Why are hybrids usually bad?06 Feb 2006
Two hypotheses, discussed by Burke and Arnold (2001):
The role of epistasis in adaptive evolution has been a controversial issue ever since Sewall Wright and R.A. Fisher first formalized their views in the early 1930s. According to Wright (113, 114), natural selection retains favorably interacting gene combinations. Therefore, as a result of the highly integrated nature of the genome, selection may lead to the production of what Dobzhansky (43) has termed "coadapted" gene complexes. In contrast, Fisher (48) argued that natural selection acts primarily on single genes, rather than on gene complexes. In Fisher's view, therefore, selection favors alleles that elevate fitness, on average, across all possible genetic backgrounds within a lineage. Such alleles have been termed "good mixers" (75). Regardless of the role of epistasis within lineages, however, negative epistasis in a hybrid genetic background, or hybrid incompatibility, is fully consistent with both the Wrightian and Fisherian worldviews. This is because allelic fixation occurs in any one lineage without regard to the compatibility (or lack thereof) of new alleles with those in any other lineage. Hybridization then produces a vast array of recombinant genotypes that have never before been subjected to selection. On average, these genotypes will be less well adapted than their parents, giving rise to some level of selection against hybrids.

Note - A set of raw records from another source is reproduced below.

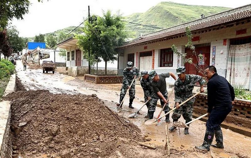 在全镇各个村,党旗猎猎,迎风飘扬。镇村社由1300多名党员干部、民兵、公益岗位、帮扶队员、志愿者组成的30个抢险突击队,分片分段,帮助受灾群众疏通水道,清铲淤泥、搬运物品、打扫清洁,疏通河道1600多米,疏通水渠1.2万米,清理路面8600米,清理淤泥沙3000多方。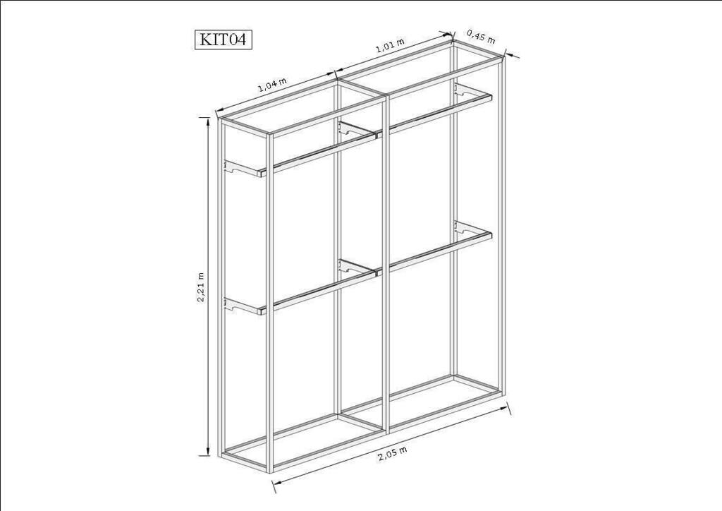 Acompanha quatro araras fixas com tubo oblongo de 1,00 metro, que podem ser posicionadas conforme a necessidade do seu espaço. A estrutura é composta por uma peça inicial e uma peça de continuação, permitindo expansão modular conforme seu projeto.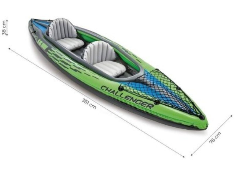 Ovaj kajak je idealan za rekreaciju na vodi, dizajniran za dve osobe. Proizveden je od izdržljivog materijala, a uključuje dva vesla, pumpu za brzo naduvavanje i pokrivač.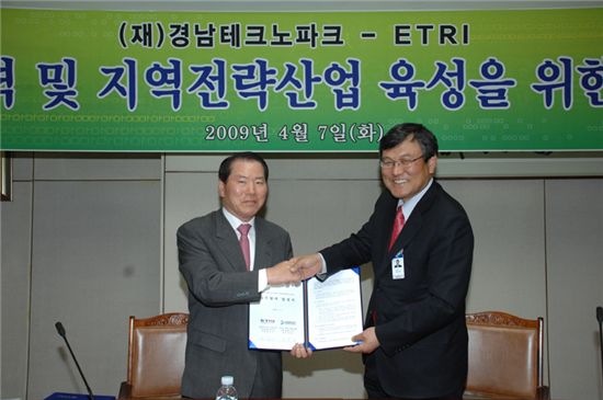 ETRI 최문기 원장(오른쪽)과 경남TP 강성준 원장이 MOU 체결후 악수하고 있다.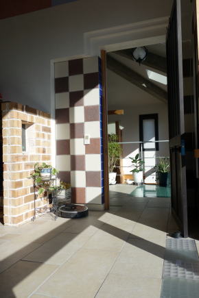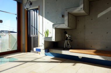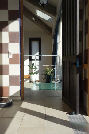 (5) 土間床(蓄熱体)を直接的、間接的(木造床を土間床の上に架け、間に空気を循環させる等)に活用、さらにテラコッタ仕上げ等の「蓄熱床」で建物自体の「熱容量」を多く確保し、「集熱」 「蓄熱」したエネルギーを輻射放熱して利用する。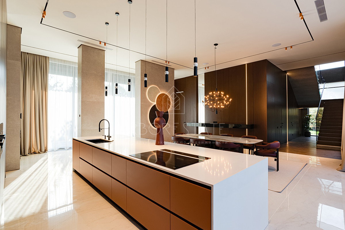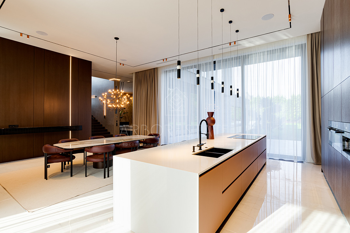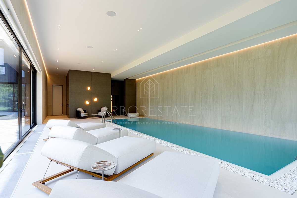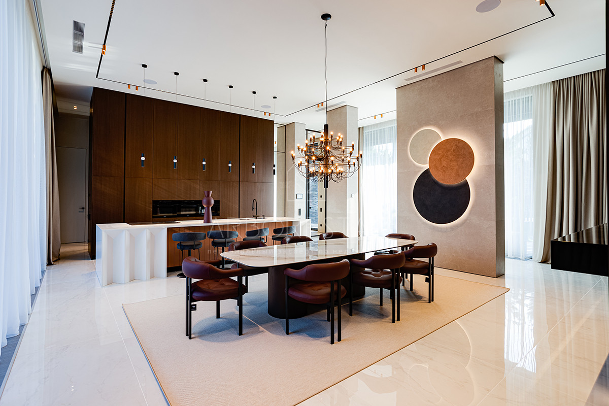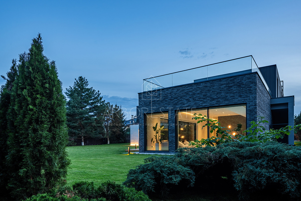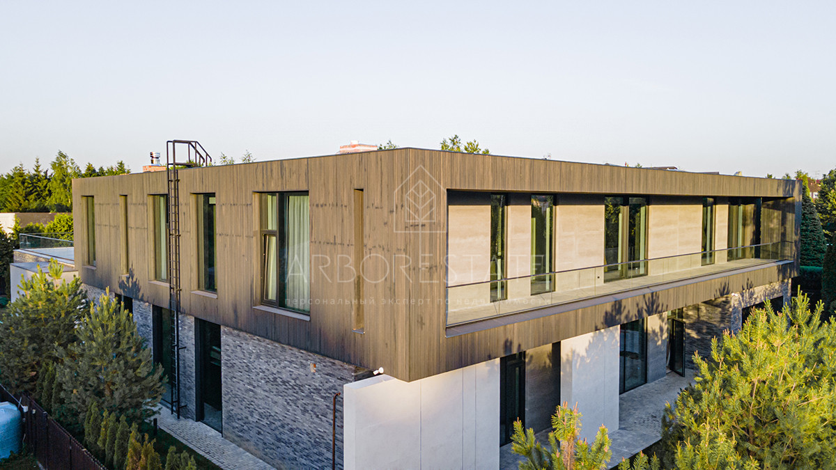 разделено на приватную, общественную, СПА зону и блок для персонала. В отделке фасадов применена крупноформатная керамика контрастных цветов и разноширокий термированный планкен. Большие площади остекления визуально связывают внутреннее пространство дома с улицей. Во внутренней отделке дома применены качественные отделочные материалы - инженерная доска FINEX, керамика LAMINAM, натуральный камень, столярные изделия и панели, двери UNION. Дом оборудован приточно-вытяжной системой с канальным кондиционированием воздуха. В котельной установлены котлы Viessman. Мебель - MINOTTI, POLIFORM, MERIDIANI, Cattelan Italia. Освещение - CENTRSVET, Flos, Vibia. Сантехника - HANSGROHE, Villeroy&Boch, Salini. Бытовая техника - Miele, ASKO.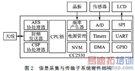信息采集与传输子系统采用CC2530作为硬件结构的核心。CC2530内部集成了业界领先的射频收发器、丰富的片内外设和强大的DMA控制器。集成的射频收发器的性能指标远远优于IEEE 802.15.4标准所规定的要求。丰富的片内外设,如AES协处理器、CSP协处理器和SPI等通信接口,为各种基于ZigBee、6LoWPAN和RF4CE等协议的应用提供了有力的支持。强大的DMA控制器为CC2530在高强度、高吞吐量以及实时性要求严格等领域的卓越表现提供了可靠的保证。LCD采用FSTN显示模式的LM6059BCW液品模块。信息采集与传输子系统硬件结构如图2所示。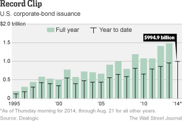 美国企业债券标售之猛令华尔街分析师措手不及。市场人士普遍预期,随着经济增长和美联储准备结束QE,2013年底美国国债收益率将从3%走高,这将打压债券价格,遏制企业发行新债的需求。但没想到,利率下降了,美国10年期国债收益率最近跌到2.3%的14个月低点。分析师表示,这反映了美国国内增长前景不均衡,乌克兰、以色列和伊拉克地缘政治危机,以及市场对欧洲面临新一轮经济萎缩的担忧。
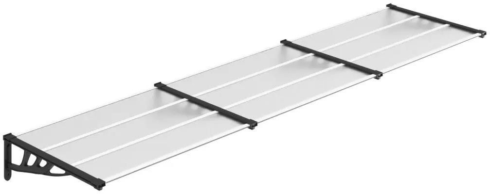 Ten wspaniały daszek nad drzwi to praktyczne rozwiązanie, które pozwoli osłonić wejście do domu przed śniegiem, deszczem, gradem i innymi niesprzyjającymi warunkami pogodowymi. Trwały materiał: wydrążone arkusze poliwęglanu, z którego zbudowano to zadaszenie nad drzwi frontowe, są niezwykle trwałe, odporne na warunki pogodowe i korozję. Solidna rama: trwała konstrukcja z mocnymi wspornikami z ABS i aluminiowymi listwami jest wyjątkowo stabilna i wystarczająco mocna, alby utrzymać to zadaszenie. Prosta instalacja: wszystkie wymagane akcesoria montażowe do daszku nad drzwiczki są dołączone, co pozwala na łatwą i szybką instalację. Warto wiedzieć: Produkt może być stosowany wyłącznie w jedno- lub dwurodzinnych budynkach. Aby maksymalnie ułatwić montaż, każdy produkt jest dostarczany z instrukcją obsługi. Uwaga: Zadaszenie nie jest przygotowane do utrzymania ciężkiego śniegu. Kolor: czarny i przezroczysty Materiał: PC (poliwęglan), ABS (kopolimer akrylonitrylo-butadienowo-styrenowy), aluminium Wymiary całkowite: 358,5 x 90 x 27,5 cm (dł. x szer. x wys.) Wymiary pojedynczego wspornika: 90 x 28 x 6 cm (dł. x szer. x gr.) Wymiary pojedynczego arkusza poliwęglanowego: 115 x 27,5 x 5 cm (dł. x szer. x gr.) Zawartość przesyłki: 9 x arkusz poliwęglanowy 4 x wspornik z ABS 6 x złącze w kształcie litery H z oksydowanego aluminium 6 x oksydowana listwa aluminiowa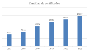 ISO 27001 se ha convertido en la principal norma a nivel mundial para la seguridad de la información y muchas empresas han certificado su cumplimiento; aquí se puede ver la cantidad de certificados en los últimos años:

Hybrid breakdown, or the reduction in fitness of segregating hybrid progeny that often results from intercrossing genetically divergent populations or taxa, has long been taken as evidence of unfavorable interactions between the genomes of the parental individuals (e.g., 39, 42, 43, 75, 80). The most widely accepted genetic model for the occurrence of such incompatibilities was first described by Bateson (15, as cited in 83), and later by Dobzhansky (39) and Muller (79, 80). In short, the Bateson-Dobzhansky-Muller (BDM) model assumes that an ancestral population consisting solely of individuals of the genotype aa/bb is broken into two parts that are temporarily isolated from each other. In one subpopulation, a new allele (A) is then assumed to arise at the first locus. Meanwhile, a new allele (B) is assumed to arise in the other subpopulation. Because individuals of the genotype aa/bb, Aa/bb, and AA/bb can interbreed freely, the A allele can then spread to fixation in the first subpopulation; likewise, individuals of the genotype aa/bb, aa/Bb, and aa/BB can interbreed freely, and the B allele spreads to fixation in the second subpopulation. However, although A is compatible with b, and B is compatible with a, the interaction of A with B is assumed to produce some sort of developmental or physiological breakdown, such that hybridization between the two subpopulations leads to the production of offspring with decreased levels of viability and/or fertility. Although this model focuses on negative interactions between differentiated regions of the nuclear genome, similar interactions between one or more regions of the nuclear genome and some component of the cytoplasm (e.g., the chloroplast or mitochondrial genome) could also play an important role in hybrid incompatibility. Unfortunately, the BDM model does not provide any mechanistic explanation as to how mutations that are neutral (or beneficial) within a given lineage will produce strongly disadvantageous incompatibilities when combined in a hybrid background (Burke and Arnold 2001, emphasis added).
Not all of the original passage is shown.